As you work through the listing below, copy each line exactly and drop the images.

◆ **Data excerpt**
[Start of Attachment]
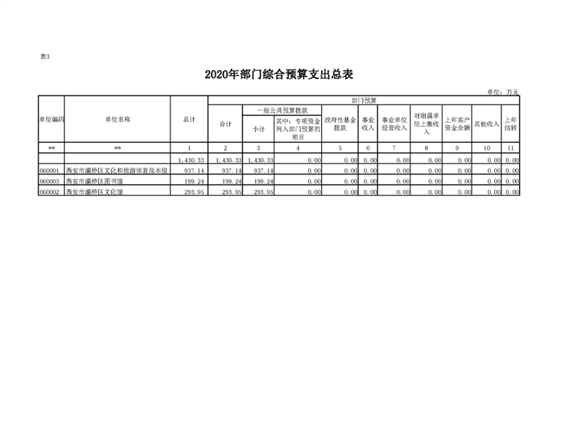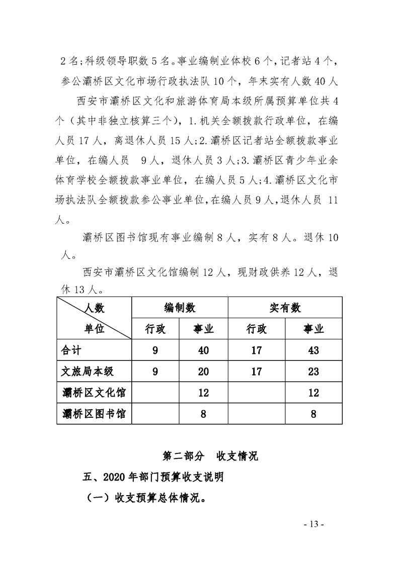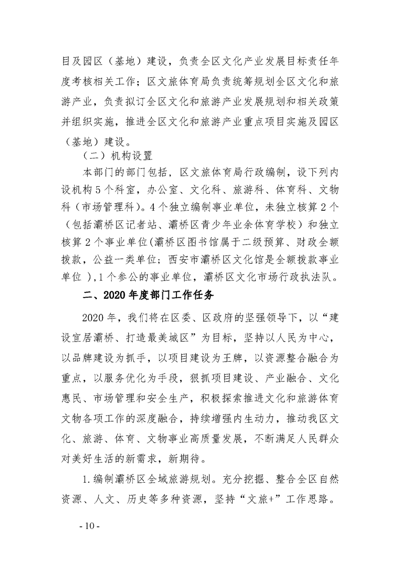 灞桥区文化和旅游体育局2020年部门综合预算说明
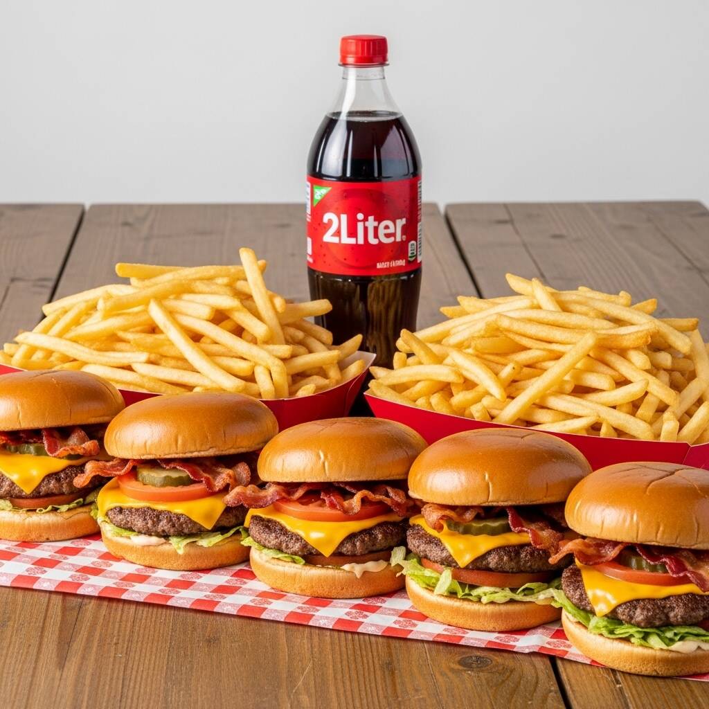 5 HAMBURGUESAS ESPECIALES DE TOCINO, 2 ORDENES DE PAPAS Y 1 REFRESCO DE 2 LITROS CON COMPLEMENTOS
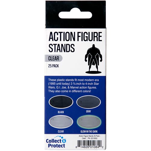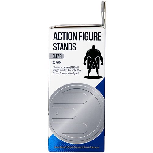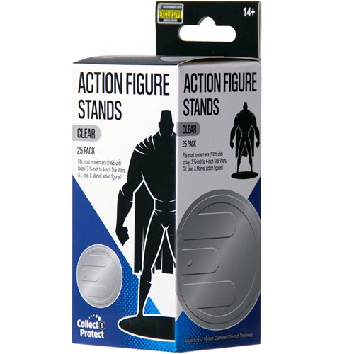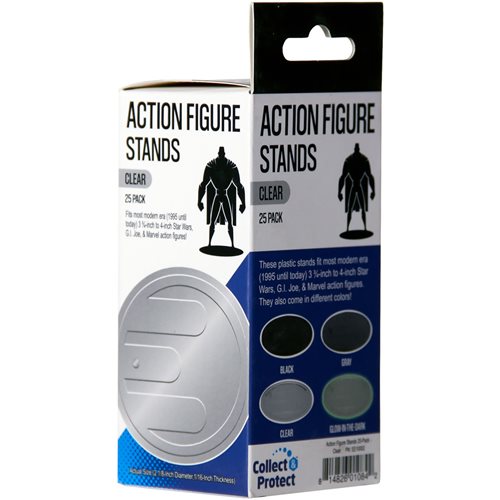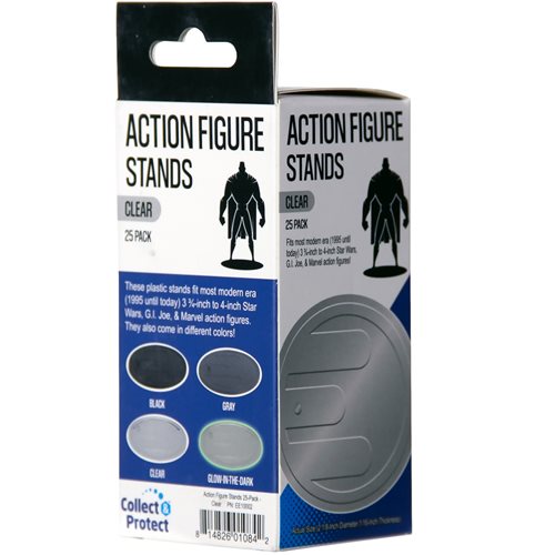 Give your figures the support they deserve! You’re gonna love these clear action figure stands! Extremely durable and handsome, these round platforms look great and are transparent, to blend in better with your shelves and dioramas. Each measures 2 1/8-inches in diameter and features a peg that fits snugly into your figure’s foot. Buy this 25-pack today and give your characters all the support they need and merit! Action figures sold separately.
[End of Attachment]
◆ **Written response**
 灞桥区文化和旅游体育局2020年部门综合预算说明
 5 HAMBURGUESAS ESPECIALES DE TOCINO, 2 ORDENES DE PAPAS Y 1 REFRESCO DE 2 LITROS CON COMPLEMENTOS
 Give your figures the support they deserve! You’re gonna love these clear action figure stands! Extremely durable and handsome, these round platforms look great and are transparent, to blend in better with your shelves and dioramas. Each measures 2 1/8-inches in diameter and features a peg that fits snugly into your figure’s foot. Buy this 25-pack today and give your characters all the support they need and merit! Action figures sold separately.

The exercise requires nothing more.